Polymorphisms towards the ends of a read

Typically, SNPs and InDels closer to the respective ends of the read will result in soft clipping: the premature truncation of the alignment extension. Close to the end of a read, InDels may generate a too high gap penalty score, and high density of SNPs may generate a too high cumulative mismatch penalty, to be compensated for by positive scores of matching alignment after the gap or stretch of SNPs, thus leading to truncation of the alignment extension just prior to the start of the polymorphic region (see below).


SMAPs in separately mapped reads versus merged reads

In the two tabs below, we illustrate in detail how different types of polymorphisms occuring at various locations within a given locus affect the final read mapping positions. The effect on read mapping is different for separately mapped reads (obtained by single-end or paired-end sequencing), and for paired-end reads that are merged before read mapping.
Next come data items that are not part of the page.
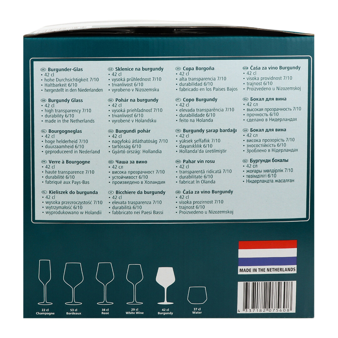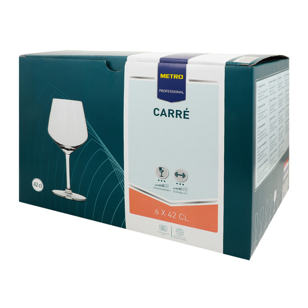 METRO PROFESSIONAL Набор бокалов для красного вина Carree, 420 мл х 6 шт. — незаменимый аксессуар для сервировки праздничного стола. Стеклянная посуда отличается особой легкостью, по сравнению с хрустальными аналогами. Винные стеклянные бокалы предназначены для охлажденных напитков. Мыть их следует теплой водой с обычным моющим средством для посуды. При ополаскивании неплохо добавить в воду смесь соли и лимонного сока, что придаст стеклу сияющий блеск и непревзойденную прозрачность. После мытья изделия необходимо насухо протереть мягким полотенцем, во избежание образования мутных подтеков. Можно их помыть в посудомоечной машине. Бокалы имеют высокую зауженную форму, напоминающую тюльпан. Тонкая длинная ножка позволяет с комфортом удерживать бокал в руке, она же не дает содержимому слишком быстро нагреваться от тепла ладоней, что очень важно для белого вина, которое лучше всего пить охлажденным. Не меньшее значение в эстетике подачи напитка имеет и небольшой объем бокала, чем меньше в нем вина, тем меньше оно нагревается. Бокалы тюльпановидной формы изготовлены из стекла. Этот изысканный в своей простоте материал смотрится очень эффектно и утонченно. Он обладает достаточной прочностью, не склонен к растрескиванию и ломкости, поэтому отлично подходит для продолжительной эксплуатации. Гигиеничность и экологичность делает его абсолютно безопасным для здоровья человека и удобным в использовании.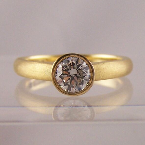The diamond in this ring is in a rubover setting. The rubover collet is brightly polished, while the shank of the ring has been given a ‘satin’ (matt) finish.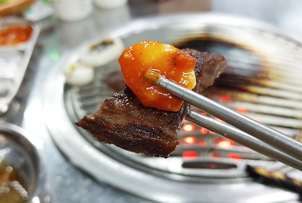 미경산 한우 암소 고기를 맛볼 수 있는데, 워터에이징으로 부드럽고 좋은 맛의 한우 고기를 먹을 수 있었습니다.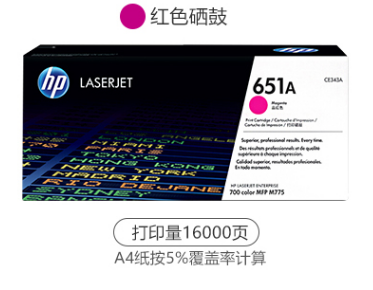 惠普(HP)CE340A 651A硒鼓适用M775dn/M775z/M775f 651A 651A品红(CE343A)16000张

These tabs display schematic overviews of the different reasons why polymorphisms (SNPs and Indels) give rise to alternative mapping positions of reads, compared to a reference read obtained by GBS and mapped as separate reads. We show the effects according to the three main steps in the GBS procedure:

  1. library construction: (gain of RE, loss of RE)

  2. short, fixed read length sequencing: (insertions and deletions)
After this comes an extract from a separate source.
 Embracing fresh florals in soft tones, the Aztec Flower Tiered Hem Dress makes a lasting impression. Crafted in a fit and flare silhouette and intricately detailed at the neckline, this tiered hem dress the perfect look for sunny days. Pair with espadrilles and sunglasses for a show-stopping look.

  3. mapping: (soft clipping)

../_images/SMAP_scenario%27s_seq_align_A.png
Allele A: a gain of restriction enzyme site in the middle of the fragment.
This creates two new PCR-fragments that may both be sequenced (only one is indicated in the scheme).

If only one fragment is PCR-amplifiable, sequenced, and mapped, this creates a novel 3’ read mapping end and no problem occurs. Note that the novel restriction enzyme site (shown as shaded sequence (CTGCAG) on the 3’ of the read) is removed during read preprocessing. The sequence is indicated here to show how a single SNP can create a novel RE.
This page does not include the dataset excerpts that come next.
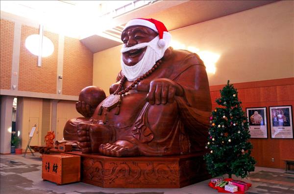 Hotei's statue in Tokyo's Maitreya Temple. However, not everyone in japan is convinced that Hotei is the Japanese Santa Claus. In Japan it is still Santa Claus, not Hotei, who gives children presents on Dec. 25. Still, every year in December, revelers put a Santa hat and beard on the Hotei statue in Tokyo's Maitreya Temple, or Mirokuden, which shows how common the identification of Hotei with Santa Claus has become.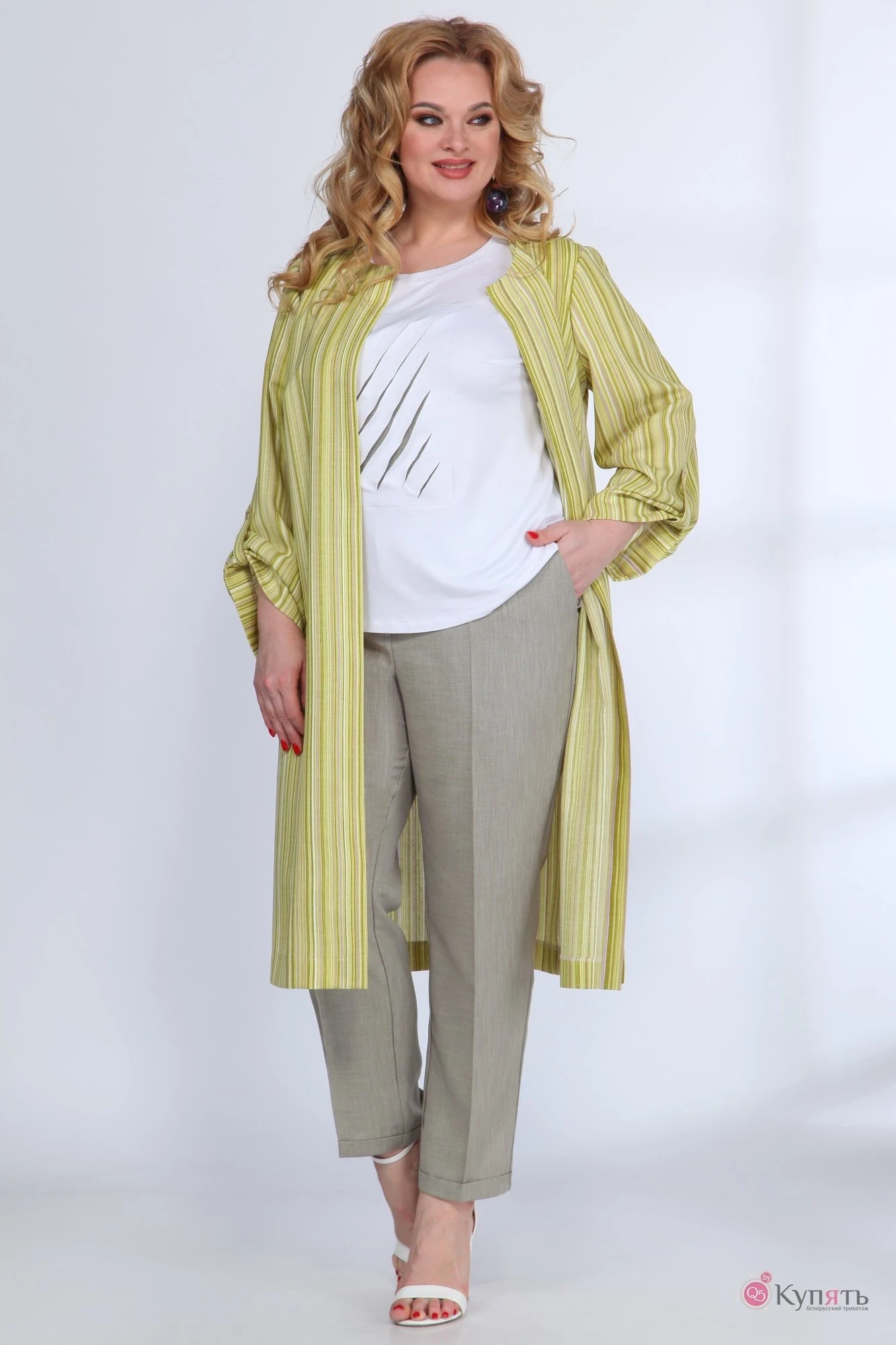 Костюм женский, состоящий из кардигана, брюк и майки. Кардиган прямого силуэта из натуральной ткани. Кардиган без застежки. Горловина полукруглой формы. Рукав длинный втачной, регулируется по длине благодаря пате. Майка полуприлегающего силуэта. По переду майка декорирована стильной аппликацией. Рукав короткий, втачной. Горловина обработани планкой. Брюки классические, слегка укороченные, из "дышащей" летней ткани.В боковых швах расположены функциональные карманы "хулиганы".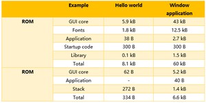 Flash和RAM的使用大小取决于用户所使用的STemWin的功能以及编译器的效率。因此不可能指定精确的值,但是以下值适用于典型的系统。

If both fragments are in the selected size range, but they map next to each other without overlap (image below) (the restriction enzyme site remnant is removed during read preprocessing), the reads are analyzed and counted separately, despite originating from the same chromosome molecule. This inflates the total read counts per locus and wrongfully alters haplotype frequencies during haplotype calling with SMAP haplotype-sites. To exclude this phenomenon from downstream analysis, by default, all StackClusters are removed where the lowest upstream SMAP of one Stack is found at a higher reference position than the highest downstream SMAP of an other Stack in the same StackCluster. In addition, MergedClusters are removed that were constructed by two StackClusters that do not overlap and an other StackCluster that links the non-overlapping pair (see also How it works).
../_images/SMAP_scenario%27s_seq_align_A_extra.png

Retaining only the central region of loci

In case the user does not prefer to use alternative read mapping (i.e. SMAPs) as a type of polymorphisms in the haplotype strings, the option --central_region in conjuction with options --min_central_region_length and --max_central_region_length, removes the mapping region polymorphisms on the ‘outside’ of the loci, and trims to the ‘inner’ SMAPs.

../_images/SMAP_delineate_Central_Region.png
This filter retains only the central region defined by the downstream SMAP at the locus start and the upstream SMAP at the locus end for a given MergedCluster. It may be used to select the central region of loci that is covered by all reads in all samples. In addition, loci may be selected within a defined central_region length range. This is instrumental for e.g. HiPlex primer design with the SMAP snp-seq module. In that case, primers are designed in the central region of a locus where all detected reads span the entire locus, whereas the flanking regions that displayed truncated read alignments suggest that neighboring (yet unknown) polymorphisms hampered complete read alignment. By focussing on the central region, all reads are known to span the entire locus in all detected samples (use also in combination with the --completeness filter), and all known SNPs can be taken into account to avoid primer binding sites on polymorphic regions, while targeting SNPs in the central region by SMAP snp-seq.